MATERIAL PROVIDED
· · ·
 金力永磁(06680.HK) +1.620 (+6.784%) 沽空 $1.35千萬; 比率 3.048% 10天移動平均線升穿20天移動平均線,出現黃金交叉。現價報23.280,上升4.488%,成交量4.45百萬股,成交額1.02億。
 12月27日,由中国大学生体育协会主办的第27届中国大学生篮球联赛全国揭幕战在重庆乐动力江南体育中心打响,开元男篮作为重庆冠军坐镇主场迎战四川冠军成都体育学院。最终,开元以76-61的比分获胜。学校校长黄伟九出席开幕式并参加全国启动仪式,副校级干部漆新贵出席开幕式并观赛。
· · ·
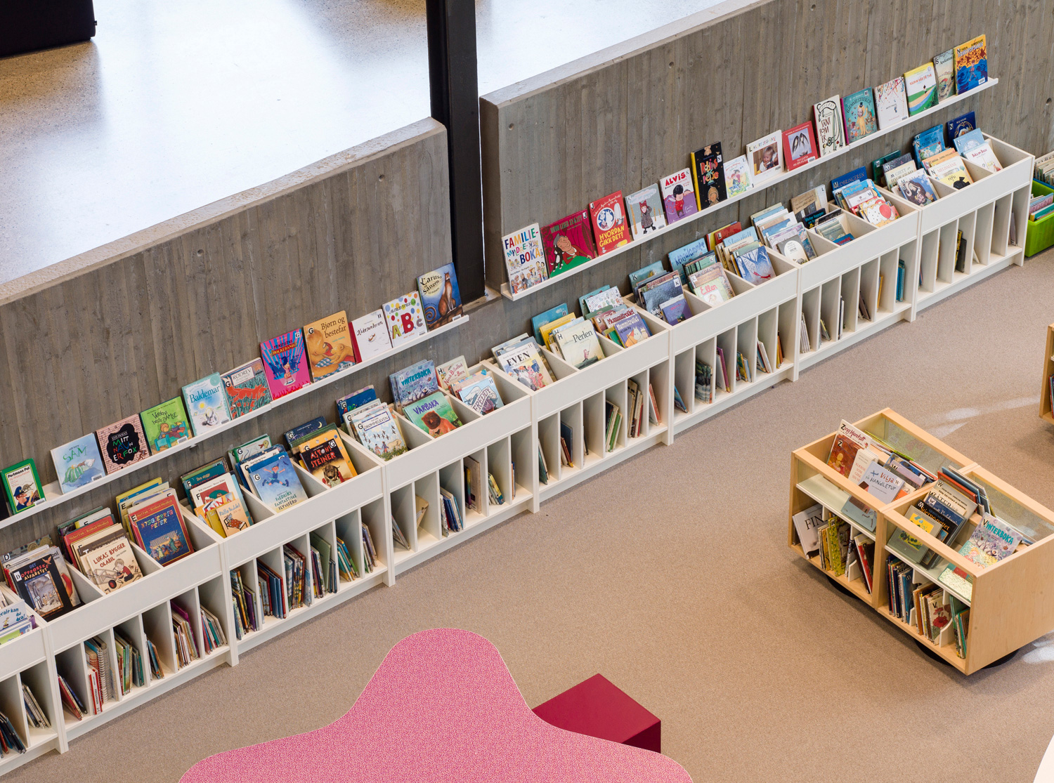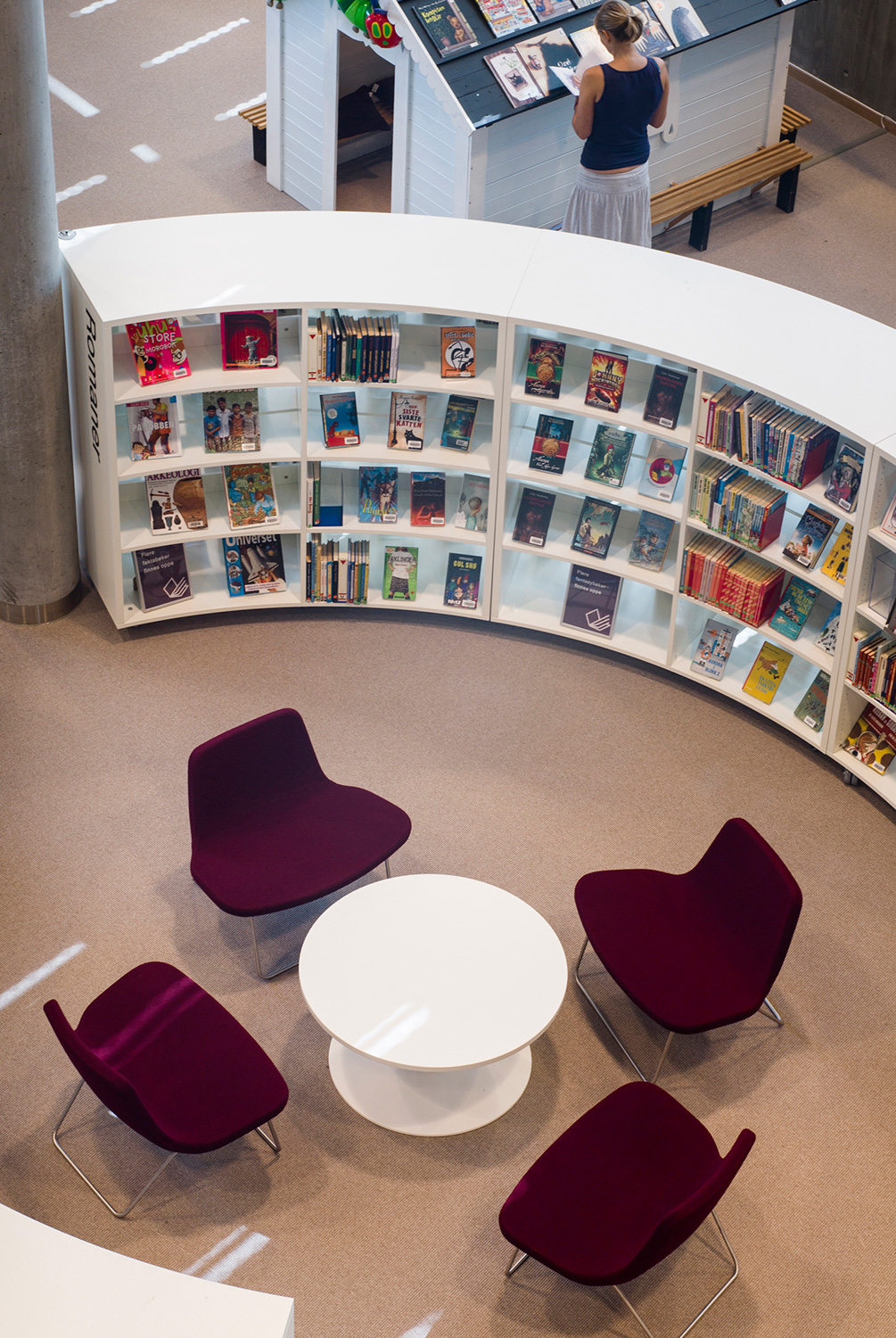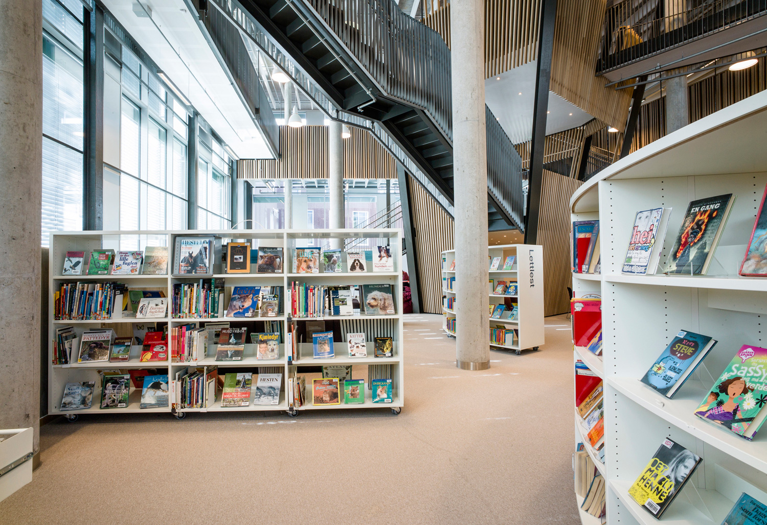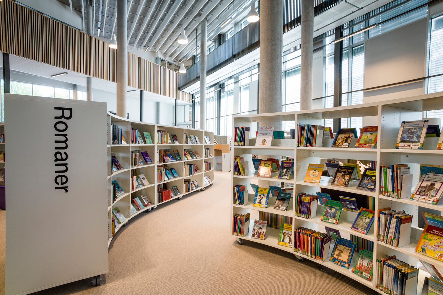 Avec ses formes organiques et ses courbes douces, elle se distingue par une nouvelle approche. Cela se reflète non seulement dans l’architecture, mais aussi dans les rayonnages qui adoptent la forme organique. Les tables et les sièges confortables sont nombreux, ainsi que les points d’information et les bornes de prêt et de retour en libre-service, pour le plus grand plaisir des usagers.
· · ·
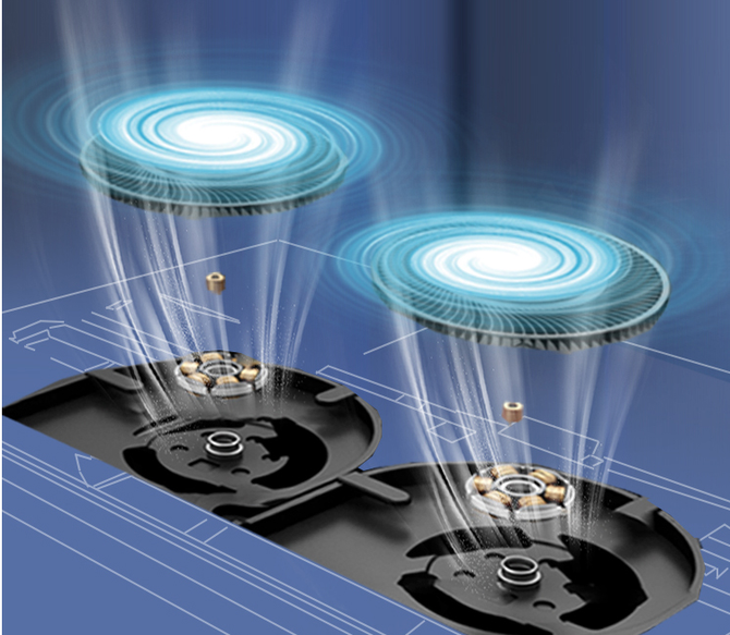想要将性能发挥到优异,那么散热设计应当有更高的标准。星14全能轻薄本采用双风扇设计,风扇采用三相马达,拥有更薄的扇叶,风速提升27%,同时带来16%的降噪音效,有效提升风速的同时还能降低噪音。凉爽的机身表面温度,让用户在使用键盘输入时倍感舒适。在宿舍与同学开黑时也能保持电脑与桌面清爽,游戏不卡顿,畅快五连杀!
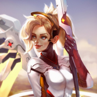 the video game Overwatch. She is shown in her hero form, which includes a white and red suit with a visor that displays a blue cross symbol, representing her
· · ·
Using the material above, transcribe exactly the lines from the one holding "想要将性能发挥到优异,那么散" to the one holding "the video game", both ends kept. Do not carry over any pictures.

想要将性能发挥到优异,那么散热设计应当有更高的标准。星14全能轻薄本采用双风扇设计,风扇采用三相马达,拥有更薄的扇叶,风速提升27%,同时带来16%的降噪音效,有效提升风速的同时还能降低噪音。凉爽的机身表面温度,让用户在使用键盘输入时倍感舒适。在宿舍与同学开黑时也能保持电脑与桌面清爽,游戏不卡顿,畅快五连杀!
 the video game Overwatch. She is shown in her hero form, which includes a white and red suit with a visor that displays a blue cross symbol, representing her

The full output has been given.